Using dynamic computation graphs allows dealing with recurrent neural networks (RNNs) better, among other use cases. (Here is a great article about RNNs and LSTMs. Another good writeup on RNNs is here.) TensorFlow already supports RNNs, but by adding padding to ensure that all input data are of the same size, i.e., the maximum size in the dataset/domain. Even then this support is good only for linear RNNs not good for treeRNNs which is suitable for more advanced natural language processing.
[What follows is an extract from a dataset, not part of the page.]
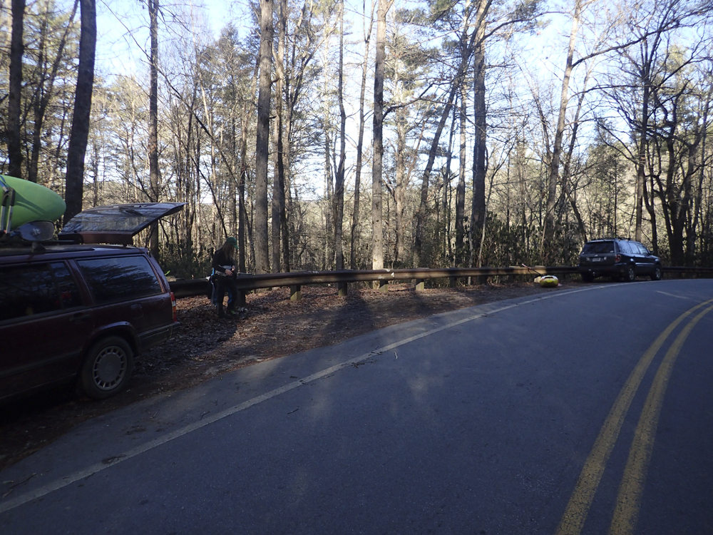 Put-in: From Alligator Rock, continue up NC-215 for 2.9 miles to a turn-out on the left just before a very large left turn in the highway.

This was a very tough paper to read. It was definitely above my level as a beginner. The paper assumed a lot of background from the reader. It assumed familiarity with TensorFlow execution and operators, and also some understanding of programming language background and familiarity with RNNs. The dynamic batching idea introduced in the paper is a complex idea but it is explained briefly (and maybe a bit poorly?) in one page. Even when I gave the paper all my attention, and tried to form several hypothesis of dynamic batching idea, I was unable to make progress. At the end, I got help from a friend who is an expert at deep learning.

I skipped reading the second part of the paper which introduced a combinator library for NNs. The library is relevant because it was instrumental in implementing the dynamic batching idea introduced in the first part of the paper. This second part looked interesting but the functional programming language concepts discussed was hard for me to follow.

The dynamic batching idea

This paper introduces dynamic batching idea to emulate dynamic computation graphs (DCGs) of arbitrary shapes and sizes over TensorFlow which only supports static computation graphs.
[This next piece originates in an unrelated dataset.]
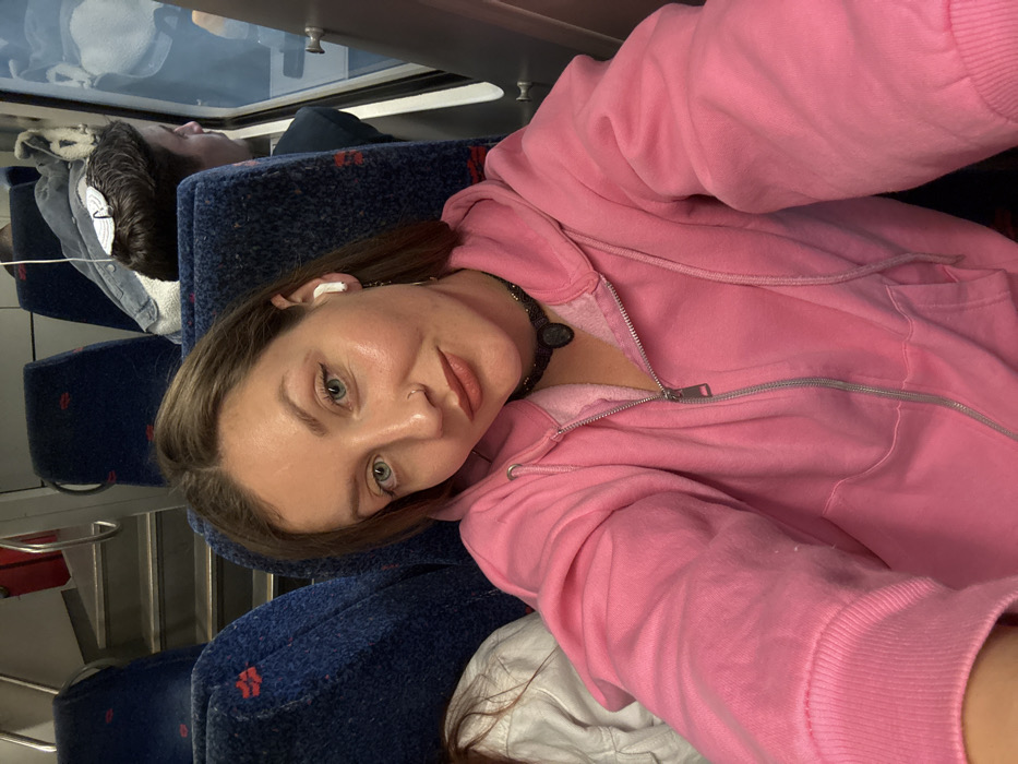 A young woman in a pink zip-up hoodie poses in a train seat

Batching is important because GPUs crave for batching, especially when dealing with text data where each item is of small size. (While images are already large enough to fill/busy the GPU, but that is not so for text data.)

However, the challenge for batching when using DCGs is that the graph of operations is not static, and can be different for every input. The dynamic batching algorithm fixes batching for DCGs. Given a set of computation graphs as input, each of which has a different size and topology, dynamic batching algorithm will rewrite the graphs by batching together all instances of the same operation that occur at the same depth in the graph. (Google is really into graph rewriting.)

The dynamic batching algorithm takes as input a batch of multiple input graphs and treats them as a single disconnected graph. Source nodes are constant tensors, and non-source nodes are operations. Scheduling is performed using a greedy algorithm: (I omit some of the more detailed steps in the paper.)
  • Assign a depth, d, to each node in the graph. Nodes with no dependencies (constants) are assigned depth zero. Nodes with only dependencies of depth zero, are assigned depth one, and so on.
  • Batch together all nodes invoking the same operation at the same depth into a single node.
  • Concatenate all outputs which have the same depth and tensor type. The order of concatenation corresponds to the order in which the dynamic batching operations were enumerated.
Each dynamic operation is instantiated once in the static dataflow graph. The inputs to each operation are tf.gather ops, and the outputs are fed into tf.concat ops. These TensorFlow ops are then placed within a tf.while_loop. Each iteration of the loop will evaluate all of the operations at a particular depth. The loop maintains state variables for each tensor type t, and feeds the output of concat for tensor type t and iteration d into the input of the gathers at tensor type t and iteration d+1.

Experimental results

The test results emphasize the importance of batching, especially on GPUs where it can enable speed ups up to 120x. The speedup ratio denotes the ratio between the per-tree time for dynamic batching on random shapes ("full dynamic"), versus manual batching with a batch size of 1.

Dynamic batching instantiates each operation only once, and invokes it once for each depth, so the number of kernel invocations is log(n), rather than n, where n is tree size. Dynamic batching thus achieves substantial speedups even at batch size 1, because it batches operations at the same depth within a single tree.

Limitations

Dynamic batching works on a single machine, it is not distributed. Dynamic batching requires an all to all broadcasts, so it doesn't scale to distributed machines.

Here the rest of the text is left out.